Why there might not be enough Raspberry Pi to go around - noonespecial
http://www.thesinglestep.org/thoughts/rspi/

======
rc55
I have felt for a long time that Raspberry Pi would be something far beyond
the scope of education and could well be re-purposed as a super-economical
Arduino equivalent, complete with its own ecosystem of add-on boards,
enclosures, power supplies and applications.

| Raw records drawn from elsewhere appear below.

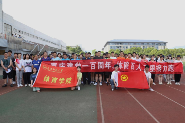 于校南田径场举办“喜庆建党一百周年,体院百人百里接力跑”活动,学院部分党员教师、全体学生党员、入党积极分子共200余人参加此次活动。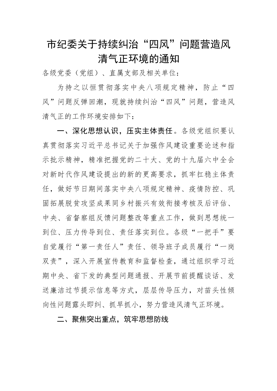 市纪委关于持续纠治“四风”问题营造风清气正环境的通知各级党委(党组)、直属支部及相关单位:为持之以恒贯彻落实中央八项规定精神,防止“四风”问题反弹回潮,现就持续纠治“四风”问题,营造风清气正的工作环境安排如下:一、深化思想认识,压实主体责任。各级党组织要认真贯彻落实习近平总书记关于加强作风建设重要论述和指示批示精神,精准把握党的二十大、党的十九届六中全会对新时代作风建设提出的新的更高要求,抓牢扛稳主体责任,做好节日期间落实中央八项规定精神、疫情防控、巩固拓展脱贫攻坚成果同乡村振兴有效衔接考核及后评估、中央、省督察组反馈问题整改等重点工作,做到思想统一到位、压力传导到位、责任落实到位。各级“一把手”要自觉履行“第一责任人”责任、领导班子成员履行“一岗双责”,深入开展宣传教育和监督检查,通过组织学习近期中央、省下发的典型问题通报、开展节前提醒谈话、发送廉洁过节提示信息等方式,层层传导压力,对苗头性倾向性问题露头即纠、抓早抓小,努力营造风清气正环境。二、聚焦突出重点,筑牢思想防线。各级党员干部特别是各级领导干部要坚定理想信念,增强组织纪律观念,不折不扣落实中央八项规定精神和省关于“八条禁令”,并对标“十四个严禁”,做好节日安排:严禁违规吃喝;严禁违规用公款购买赠送烟花爆竹、鲜花、烟酒食品、土特产等年货节礼;严禁以各种名义违规发放津补贴、奖金和实物;严禁违规用公款组织各类年会、节会、庆典等总结表彰活动;严禁公款旅游以及违规接受管理和服务对象等旅游活动安排;严禁违规使用公车或私车公养;严禁违规收送名贵特产和礼品、礼金、消费卡、有价证券等;严禁违规大操大办婚丧喜庆等事宜借机敛财;严禁违规出入私人会所;严禁组织或参加用公款支付的高消费娱乐健身等活动;严禁接受或提供可能影响公正执行公务的健身娱乐等活动;严禁违规参加各类老乡会、校友会、战友会;严禁在参加公务活动用餐或个人餐饮消费时铺张浪费;严禁奢侈浪费和其他各种违纪行为。三、坚持挺纪在前,严格监督执纪。各级纪检监察机关要切实担负起作风建设监督责任,紧盯酒店饭店会所、内部接待场所、旅游景点、窗口单位等4类场所。聚焦“四个着力”,即着力发现和查处通过物流快递等方式违规收送礼品、违规收送电子红包、违规接受管理和服务对象宴请、躲进内部场所公款吃喝、公务活动餐饮浪费、违规使用公车、违规发放津贴补贴、借操办婚丧喜庆之机收钱敛财等“节日病”;着力发现和查处以培训、考察、会议为名搞公款旅游,年底突击花钱搞“四风”问题;着力发现和查处窗口单位吃拿卡要、耍官威搞特权、冷硬横推等群众身边的腐败问题和不正之风;着力发现和整治在疫情防控、安全生产等领域落实责任不到位、推进工作不严不实,以及以总结部署工作等名义随意向基层派任务要材料等给基层造成严重负担的形式主义、官僚主义问题。采取明察暗访、随机抽查、突击检查等方式,既聚焦老问题、又紧盯新动向,及时发现和纠正“十四个严禁”问题,对发现的顶风违纪问题严查快处。全市各级党组织和纪检监察机关要严格执行重要节点值班、报告制度,对节日期间发现“四风”舆情反映、问题线索以及其他重要情况,第一时间向市纪委监委报告,对查处的典型案件指名道姓、通报曝光,对管党治党失职失责的,要坚决追究主体责任、领导责任,持续释放遵规守纪比平时要求更严、违纪失责比平时处理更重的强烈信号,不断巩固拓展作风建设成果。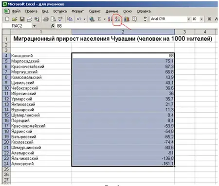 Проведем сортировку данных. Для этого выделим диапазон данных R4C2, как показано на рис.2 и в строке меню выберем задачу сортировать по убыванию, выделено красным цветом на рис.2. Как видно из рис. 2, данные выстроятся в следующем порядке.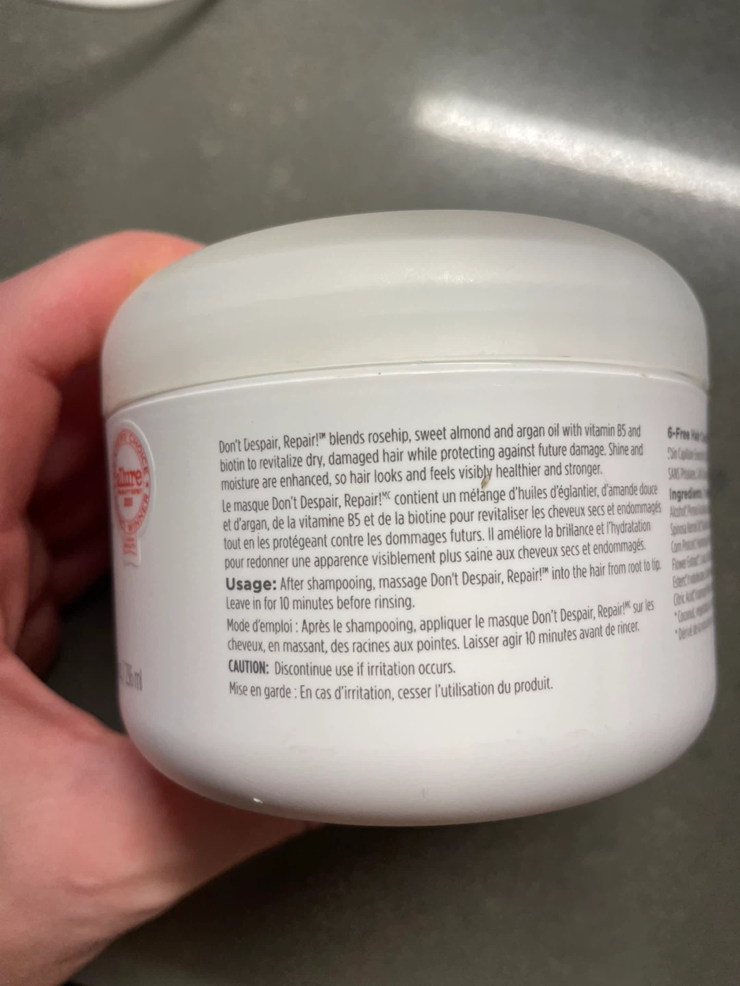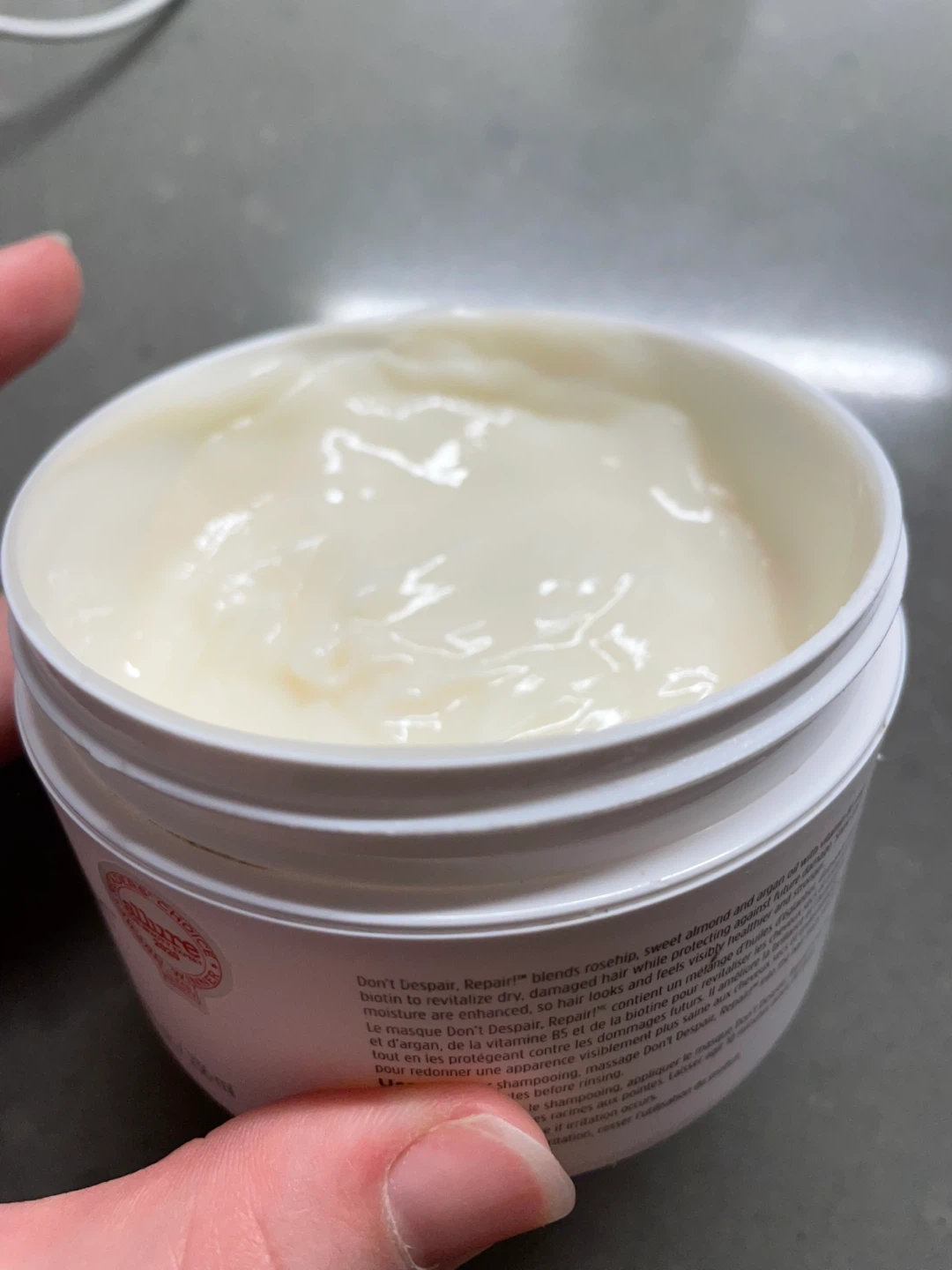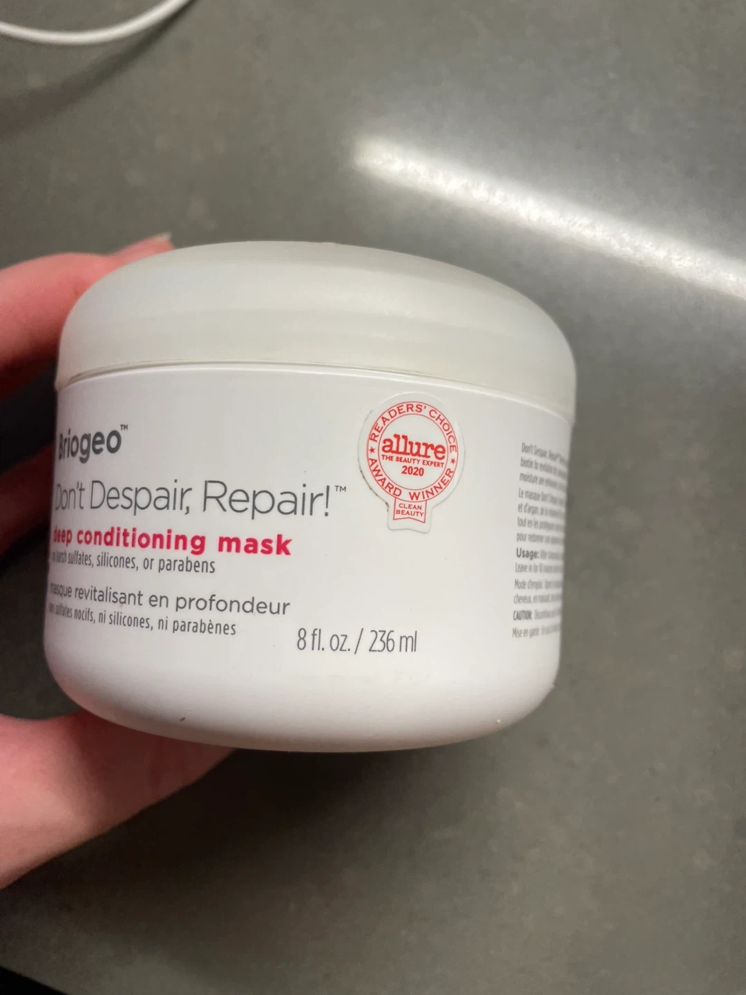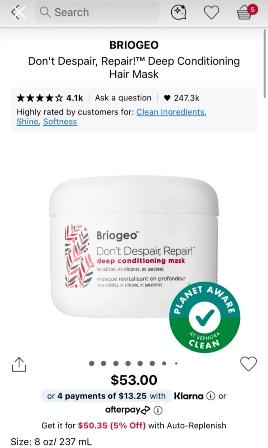 I'm selling a Briogeo Don't Despair, Repair! deep conditioning mask. It's an 8 fl oz / 236 ml container perfect for revitalizing dry, damaged hair. This mask blends rosehip, sweet almond, and argan oil with vitamin B5 and biotin to enhance hair so it looks visibly healthier and stronger
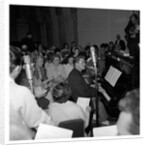 Russ Conway (1925-2000) performing to a crowd, photo Harry Hammond (1920-2009). Black and white photography. UK, 1959-60.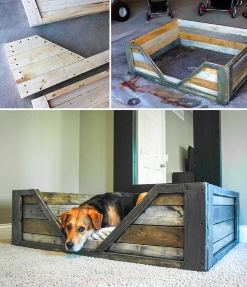 Если площадь дома, квартиры позволяет, у собаки есть целая комната или в гостиной пустует угол, можно сделать настоящий предмет мебели – спальное место на подставке.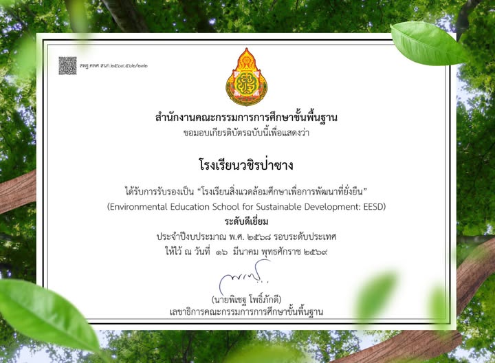...สำนักงานคณะกรรมการการศึกษาขั้นพื้นฐาน (สพฐ.) ได้มอบเกียรติบัตรรับรองให้โรงเรียนวชิรป่าซางเป็น "โรงเรียนสิ่งแวดล้อมศึกษาเพื่อการพัฒนาที่ยั่งยืน" (Environmental Education School for Sustainable Development: EESD)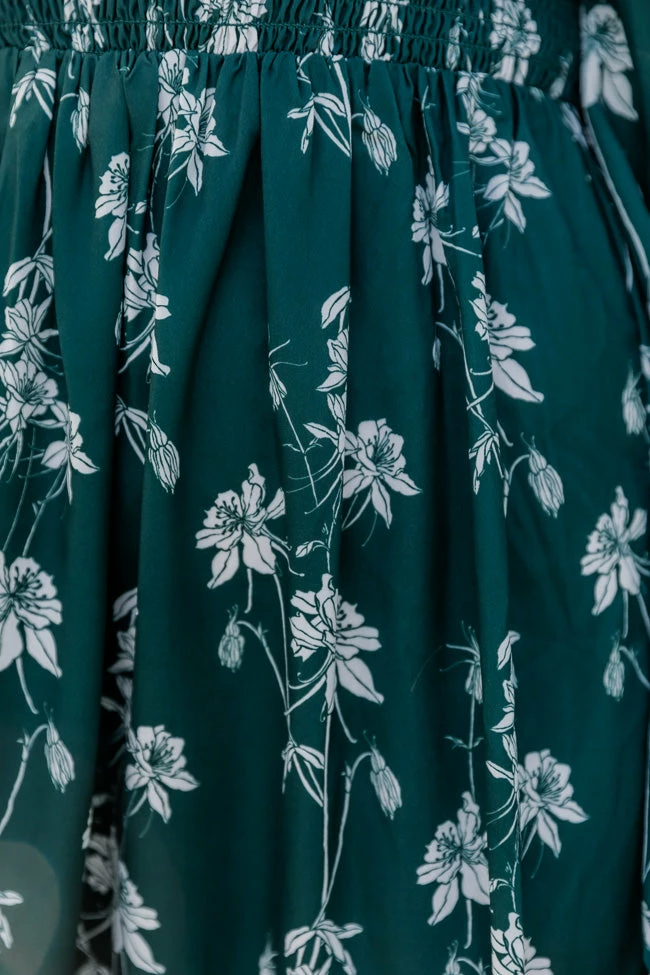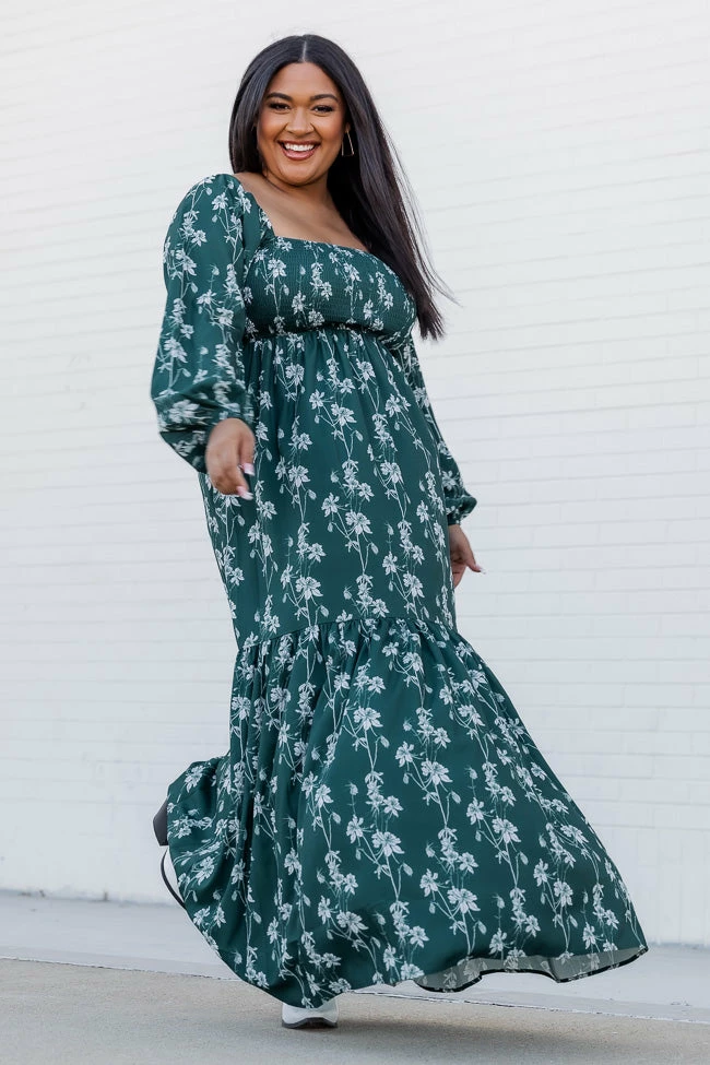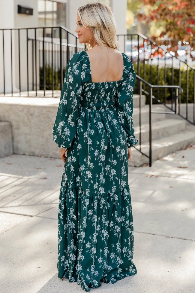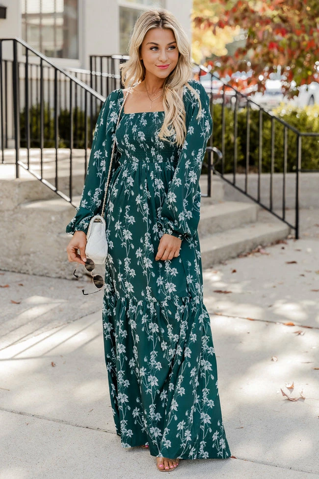 - Square neckline with smocked bust, long sleeves, tiered ruffled skirt, and maxi length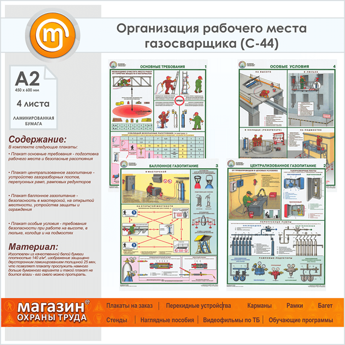 Плакаты «Организация рабочего места газосварщика» (С-44, ламинированная бумага, А2, 4 листа) в Омске купить
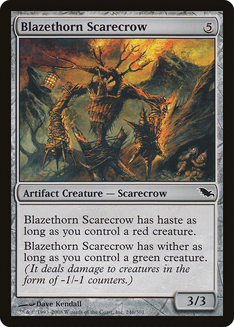 This creature has wither as long as you control a green creature. (It deals damage to creatures in the form of -1/-1 counters.)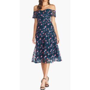 Dress the Population River Embroidered Off the Shoulder Midi Dress Pink Floral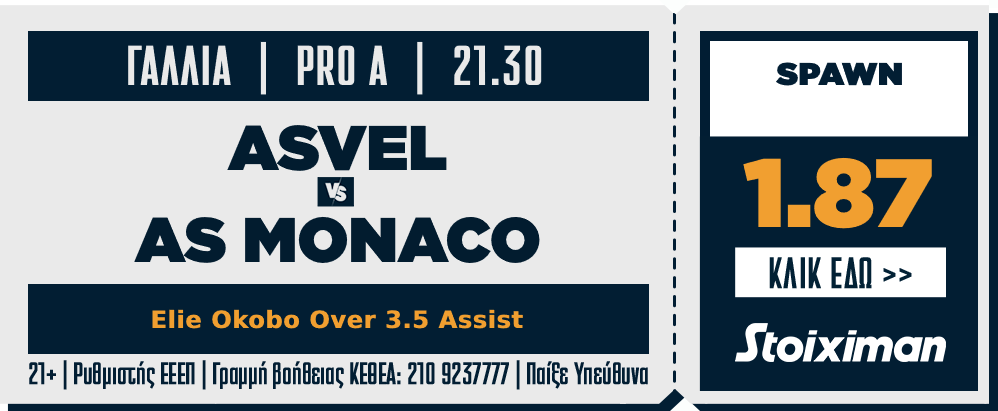 Elie Okobo Over 3.5 Assist @1.87 Stoiximan

Could I see myself getting at least one? Most definitely. I'd pay double for
what it offers, and all my hacker friends agree. There's so much we'd love to
dig into, set-top boxes, surveillance, emulation and gaming, jukeboxes, audio
synthesis, demoscene productions... it's just a fantastic platform I can't
wait to get my hands on.

I think they may well deliver on this regardless of any scepticism, although
over time it will be at least exciting to see what kind of community is
developed.

My only slight concern is whether it will encroach on Broadcom's business too
much, perhaps they will constrain orders to set amounts so commercial
applications are prohibited, or at least artificially constrained and referred
further up the supply chain. That said, it does open up the market more for a
similar device.

I do appreciate the fact it is a relatively static specification though -
write once, run everywhere is a great place to be.

------
EwanToo
I'm not sure there's the absolutely massive untapped demand that is being
suggested from hobbyists, though it is going to sell a lot to them (in the
10,000s, maybe more).

I picked up a BeagleBone[1] last week, made by Texas Instruments for £60,
which has significantly more CPU power than the Raspberry, 256MB of RAM and
has embedded Ethernet (so is more comparable to the $35 model).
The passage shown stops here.